:: Available data

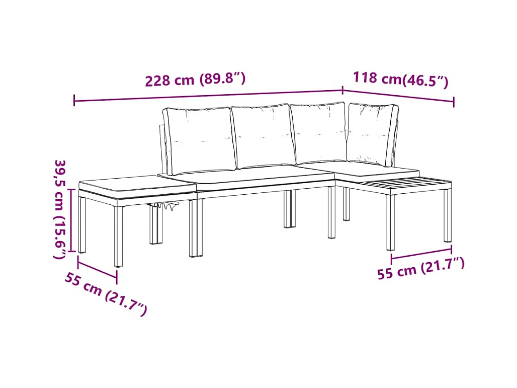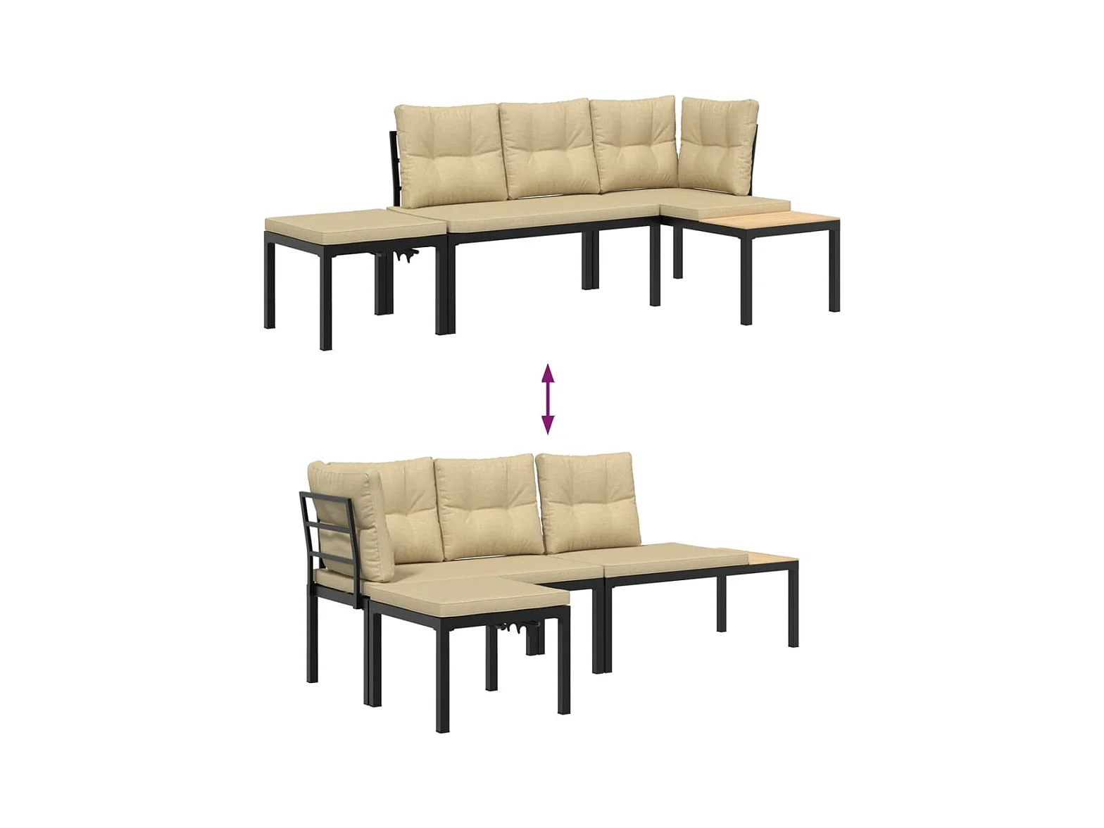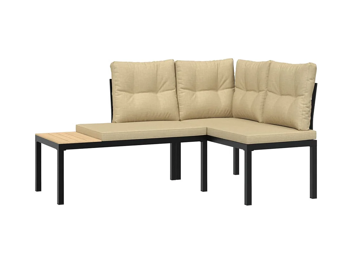 3-delige Loungeset met kussens gepoedercoat staal zwart
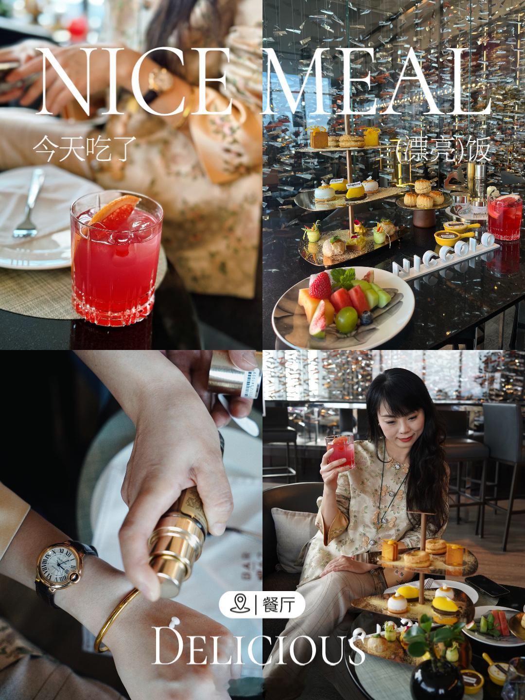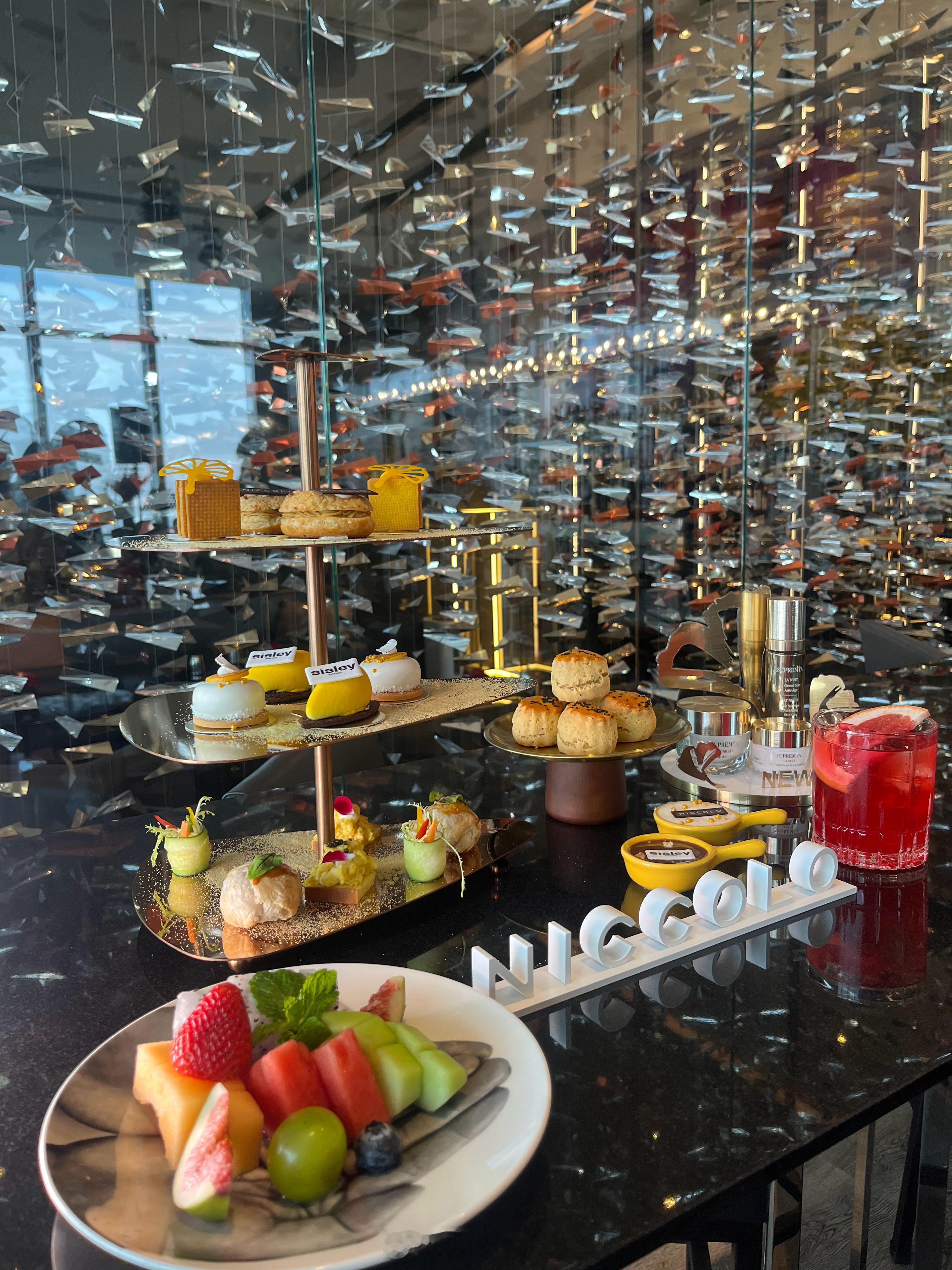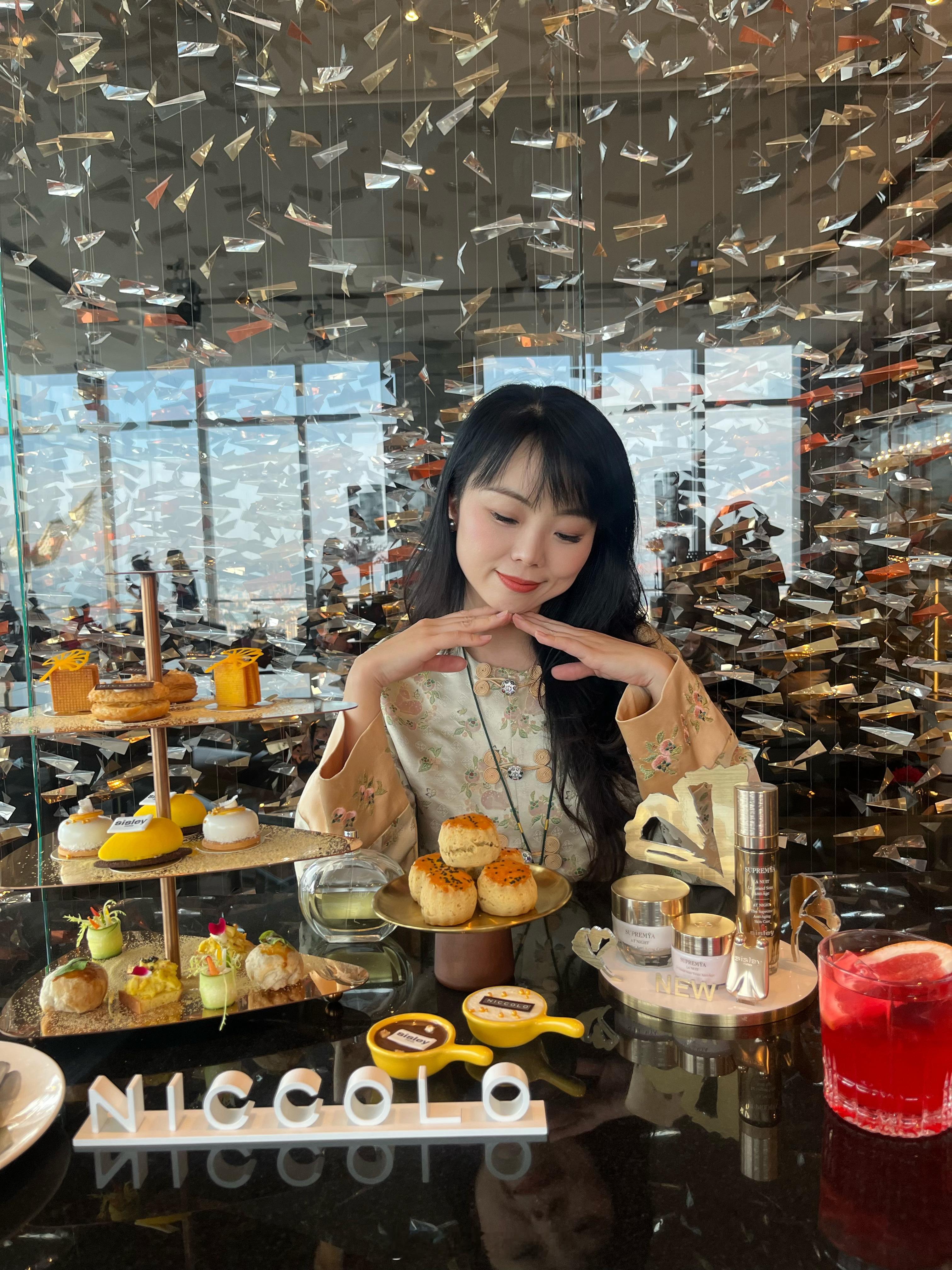 今日是金光闪闪的贵妇Look 。主要是为了契合Sisly 的贵妇定位与本餐主题《鎏金焕臻》联名下午茶Title 。以Sisley银杏叶灵感来源的柠檬挞、品牌Logo香草柚子芝士蛋糕、馥郁果香的芒果椰子慕斯,清爽自然,适应贵妇们不喜甜定调。但本人最爱Mini惠灵顿牛排和蟹肉鱼子酱咸点,此时配一杯普罗赛克起泡酒,成就一个集齐了冬日,暖阳,微醺要素的快乐下午茶时光。限12.10前,推荐给贵妇姐姐们。消费TIPS:1.人民币458*元含两杯自选咖啡或茶饮;人民币568*元含两杯特调饮品或两杯尼依格罗定制普罗赛克起泡酒。2.活动期间于悦廊购买「鎏金焕臻」主题联名下午茶即可获得希思黎伴手礼一份。(数量有限,先到先得。)3.酒店62楼悦廊每日中午12点至晚上6点供应。
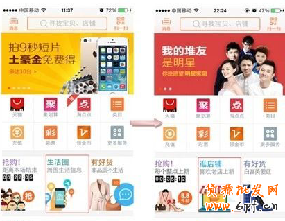 新升級的手機淘寶首頁,以前底部的“服務(wù)”按鈕,現(xiàn)在已更換為“生活”按鈕。點開“生活”按鈕,有團(tuán)購優(yōu)惠,愛逛街,特色服務(wù)、猜你喜歡(美食消費券)等內(nèi)容,與O2O達(dá)成有效的銜接,滿足了用戶生活消費和線上購物的需求,成為了方便快捷的生活消費入口。用戶可以隨時隨地查看附近的生活優(yōu)惠信息,像美食、電影、KTV等等,可見O2O趨勢在手機淘寶的發(fā)展是如此重要,因此,商家們可要把握好這一契機,打通線上線下的渠道,迎合無線發(fā)展。
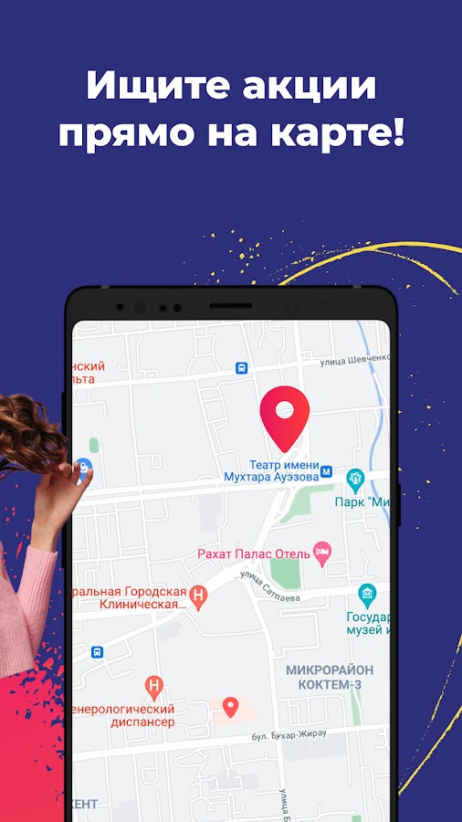 — С помощью карты вы можете найти скидки в заведениях рядом с вами! И каждый раз экономить на салонах, химчистках и кафе!
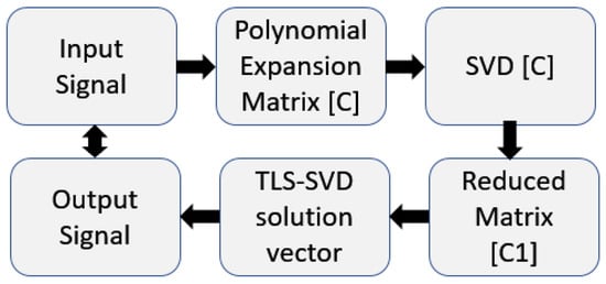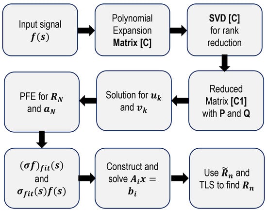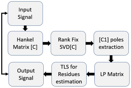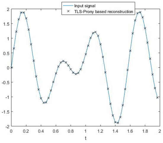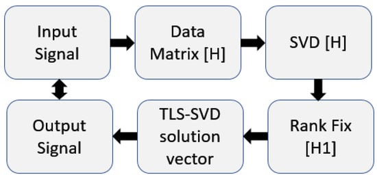 Now, returning to (11), the TLS solution approach can be used to solve the equation and find the residues [], which lead to the general steps for the method from the input signal to the reconstructed one in Figure 7.
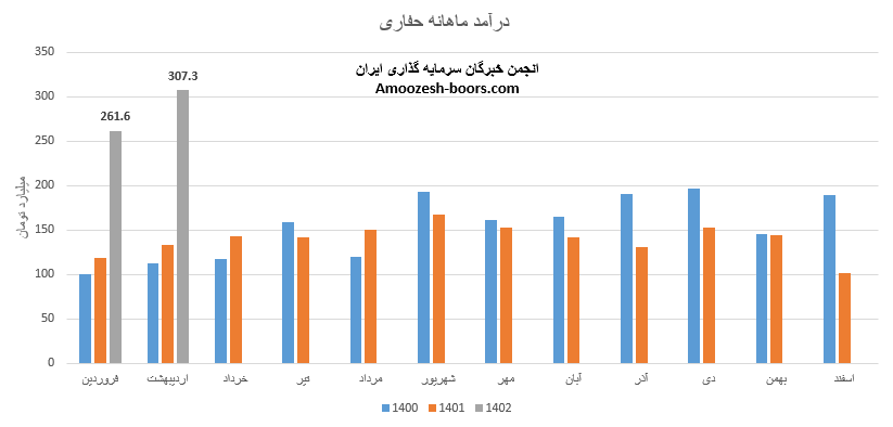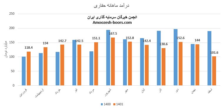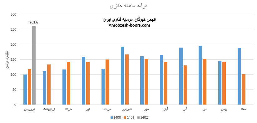 نماد حفاری در زمستان عملکرد خوبی نداشت و آخرین ماه از سال مالی را با فروشی معادل 101.6 میلیارد تومان به اتمام رساند، درآمد اسفند ماه سهم حفاری نسبت به دوره های زیر کاهشی بوده است:
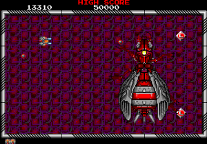 Beyond the power-ups and boss fights, the other main distinction of Raimais is its level branching. Once the stage is cleared, then eight gates open up on the sides of the level, providing access to the next level. The direction you take determines the next stage, each assigned one of four different colors – Red, Blue, Green, and Gray. As you move from level to level, the screen scrolls into the next scene with a stylish transition that shows the surrounding world, which looks like part-skyscraper, part circuit board. There are 125 different boards in total (the first stage, and four colored variations of the next 31 stages) though in a regular game, you’ll only play 32 of them max.
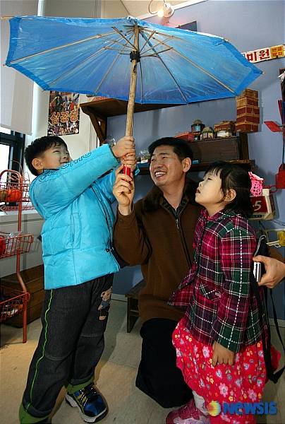 14일 오후 광주 금호생명빌딩 어린이박물관 특별전시장에서 아버지가 아이들에게 전시된 옛날 비닐우산을 보여 주며 즐거운 시간을 갖고 있다. /최금복기자 nagumbok@newsis.com

::::

The answer is the lines above from the one with "Now, returning to" to the one with "نماد حفاری در", set down exactly, with no pictures.

● **Solution to this problem**
 Now, returning to (11), the TLS solution approach can be used to solve the equation and find the residues [], which lead to the general steps for the method from the input signal to the reconstructed one in Figure 7.
 نماد حفاری در زمستان عملکرد خوبی نداشت و آخرین ماه از سال مالی را با فروشی معادل 101.6 میلیارد تومان به اتمام رساند، درآمد اسفند ماه سهم حفاری نسبت به دوره های زیر کاهشی بوده است:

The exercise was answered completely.